At the sites with 10 or less computers, assuming you have enough bandwidth, will you send an IT tech to the site to image the computers or will you deputize an existing site person to image the computers?
A: Probably an existing person, which I think I have mastered the image workflow for this purpose. It can’t be dumbed down any further. However, I have remote control of DHCP at least.
C1: This question was geared towards seeing if a mobile deployment server would work for the small sites? This is basically a FOG server installed on a laptop, NUC, or Raspberry Pi? That could be shuttled between the sites. Thinking a laptop with a normal version of FOG installed, running dnsmasq and a FOG community dynamic dhcp script could do the trick. Just have the office admin connect it into your network and power it on. The only bit you would need is to be able to find it on your network, but you could do it with a linux startup script just have it send you an email saying hello I’m here and here is my IP address, or something like that.

–Good point, but I don’t know this will be feasible. Most of these places will probably have reasonable bandwidth but there are parts to them that I can’t mention on this forum that would give a bit too much away as to the details.
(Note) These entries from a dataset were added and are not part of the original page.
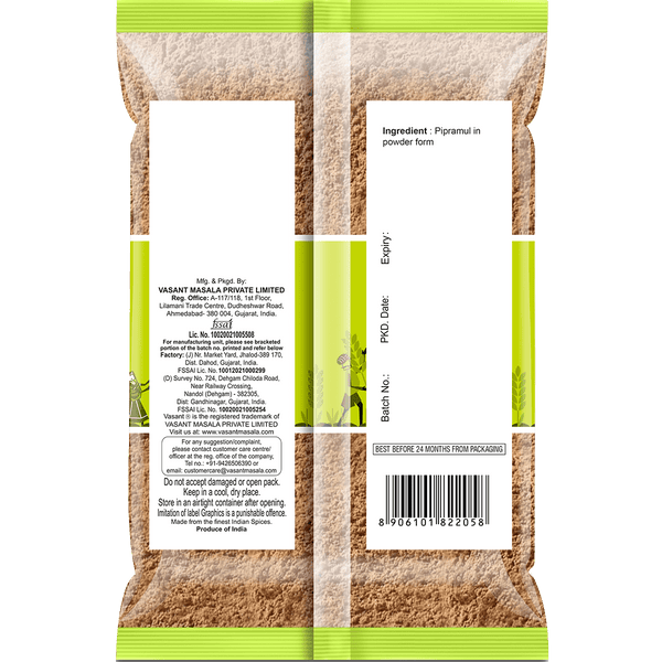 Derived from a rhizoid which is similar to ginger root, Peepramul powder is also popularly known as Ganthoda powder by the locals. Vasant Peepramul powder is made from fresh ingredients and processed in highly maintained hygienic facilities, ensuring that the powder is free from dust, stones, and other debris, which makes it unique. Savour the mild taste of the spice while availing its supportive medicinal benefits.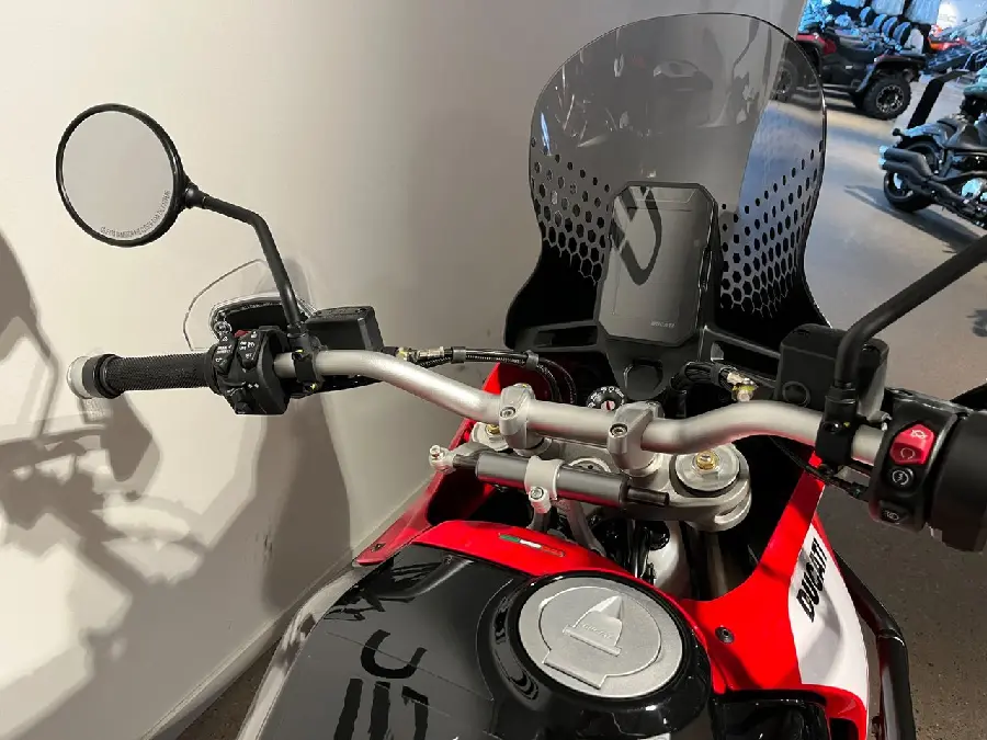 DesertX Discovery är den mest resklara versionen av Ducatis adventurehoj. Med 937 cc Testastretta-motorn på 110 hk, lång fjädringsväg och 21” framhjul är den redo för både asfalt och tuff terräng. Utrustad med touring och skyddspaket från start erbjuder den komfort, säkerhet och kapacitet för långa resor, oavsett underlag.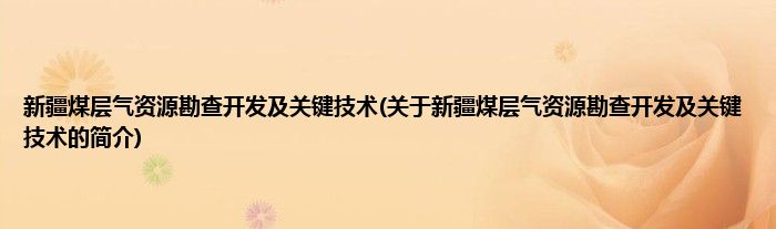 大家好,新疆煤层气资源勘查开发及关键技术,关于新疆煤层气资源勘查开发及关键技术的简介很多人还不知道,现在让我们一起来看看吧!

What is your computer naming convention? Can it be calculated?
A: Naming convention cannot be automatically populated. I wish - however these machines are asset tagged, non-sequentially.
C1: I might have mentioned the use of bar coded tags here with a reader will help in this situation. Its easier to “zap” barcode fragments than to key in a host name and get it right every time.
C2: Through the use of the linux dmidecod command a FOG post install script can read values in SMBIOS. On my campus the windows host name is calculatable based on the site LUN, chassis type, and dell serial number. These all can be pulled from smbios. We can (but don’t currently) pull the dell asset field (blank field in the firmware where companies can put their asset number) with dmidecode.

–Yeah, they are asset tagged by the shipping/internal department of the organization that handles procurement. There is no field in ‘software’ that contains this value. I was hoping there would be, -OR- that we’d get a lucky batch of sequential numbers. But it starts with ‘ORG-12345678’ with the numerical portion being somewhat sequential but spread out over a large geographical area. Barcode/One-Off manual entry works well enough for now.
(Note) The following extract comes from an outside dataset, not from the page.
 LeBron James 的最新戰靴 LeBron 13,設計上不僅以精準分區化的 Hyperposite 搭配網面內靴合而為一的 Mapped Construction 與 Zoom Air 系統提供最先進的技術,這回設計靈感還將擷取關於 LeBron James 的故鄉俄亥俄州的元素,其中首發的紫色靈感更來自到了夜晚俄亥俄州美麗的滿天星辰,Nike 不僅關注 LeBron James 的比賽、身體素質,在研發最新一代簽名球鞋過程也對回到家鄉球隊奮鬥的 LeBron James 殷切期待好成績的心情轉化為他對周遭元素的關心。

Since you created a custom fog manual registration script. There is a hack I did one time at the end of that script. In the script it asks if you want to deploy the image to the target computer. If you answer yes it will reboot and then deploy the image. I found this extra reboot (since I require the IT Tech to sit in front of the computer and press the F12 button to get it to pxe boot) unnecessary. I’d have to look at the script but I was able to have it go right into imaging without a reboot if the IT Tech answer yes to deploy the image. That would save about 60 seconds on a registration and then image deployment.
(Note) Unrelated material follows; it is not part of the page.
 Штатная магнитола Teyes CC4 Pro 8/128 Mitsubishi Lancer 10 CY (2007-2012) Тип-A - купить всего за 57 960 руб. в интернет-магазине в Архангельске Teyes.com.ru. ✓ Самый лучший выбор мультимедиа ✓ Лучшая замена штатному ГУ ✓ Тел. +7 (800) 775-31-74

–This is a great idea and its been requested by my techs a bunch before I ended up taking the workflow from fullreg > deploy image. The problem was more of following the manual data entry portion of full reg, and while I could have limited what was on there to only request hostname for example, I still had to either use something like persistent groups for snapin deployment and such since they were new clients…but ultimately I just scripted the auto-install of the ‘base’ applications. After that, another poSH gui we created gives an ‘inventory’ or ‘deployment’ person who gives a new laptop to an end user, and is able to just scan the device asset tag barcode, select a checkbox, and hit start which auto-deploys the snapins for that laptop. It’s relatively scalable for 100 a day (not quite keeping up with the 500 new laptops we’re imaging a day as of yet, but…)

george1421

@p4cm4n Round 3

C2: Since you mentioned that you already use the deploy image menu. If you do have all of the clients registered in FOG you can restrict the deploy image menu to only display the defined image for that target computer instead of all defined images on the fog server.
A: This actually doesn’t end up being feasible because they aren’t registered until after the second bootup in Windows (and a tech hits “register pending” in a powershell GUI we built for mass imaging via FOGAPI.)
C3: If you knew the computer name and mac address one might be able to preload FOG with values. 14K is one heck of a deployment. I might try to inject all of the settings right into the mysql database to preregister. I seem to recall a utility like nbtscan that would spit out the computer name and mac address of an active computer subnet. There is also on the host definition page and import and export csv of the hosts table in FOG. I might leverage that utility to import blocks of computers. I’m not suggesting this is the right or only way to go about it, I just want to give you options.
C1: This question was geared towards seeing if a mobile deployment server would work for the small sites? This is basically a FOG server installed on a laptop, NUC, or Raspberry Pi? That could be shuttled between the sites. Thinking a laptop with a normal version of FOG installed, running dnsmasq and a FOG community dynamic dhcp script could do the trick. Just have the office admin connect it into your network and power it on. The only bit you would need is to be able to find it on your network, but you could do it with a linux startup script just have it send you an email saying hello I’m here and here is my IP address, or something like that.
A: Good point, but I don’t know this will be feasible. Most of these places will probably have reasonable bandwidth but there are parts to them that I can’t mention on this forum that would give a bit too much away as to the details.
C2: Not suggesting this is the right thing for your org. Just be aware that you can air drop a mobile FOG server into a site and deploy images without a big impact on the remote site.
C2: Through the use of the linux dmidecod command a FOG post install script can read values in SMBIOS. On my campus the windows host name is calculatable based on the site LUN, chassis type, and dell serial number. These all can be pulled from smbios. We can (but don’t currently) pull the dell asset field (blank field in the firmware where companies can put their asset number) with dmidecode.
A: Yeah, they are asset tagged by the shipping/internal department of the organization that handles procurement. There is no field in ‘software’ that contains this value. I was hoping there would be, -OR- that we’d get a lucky batch of sequential numbers. But it starts with ‘ORG-12345678’ with the numerical portion being somewhat sequential but spread out over a large geographical area. Barcode/One-Off manual entry works well enough for now.
C3: Then do you get a printout of asset tag vs something unique on the computer? Or is it just a asset tag sticker that you need to manually read off from? Can the tagging organization put a barcode tag on the device that represents the name of the computer (just thinking about intake workflow here)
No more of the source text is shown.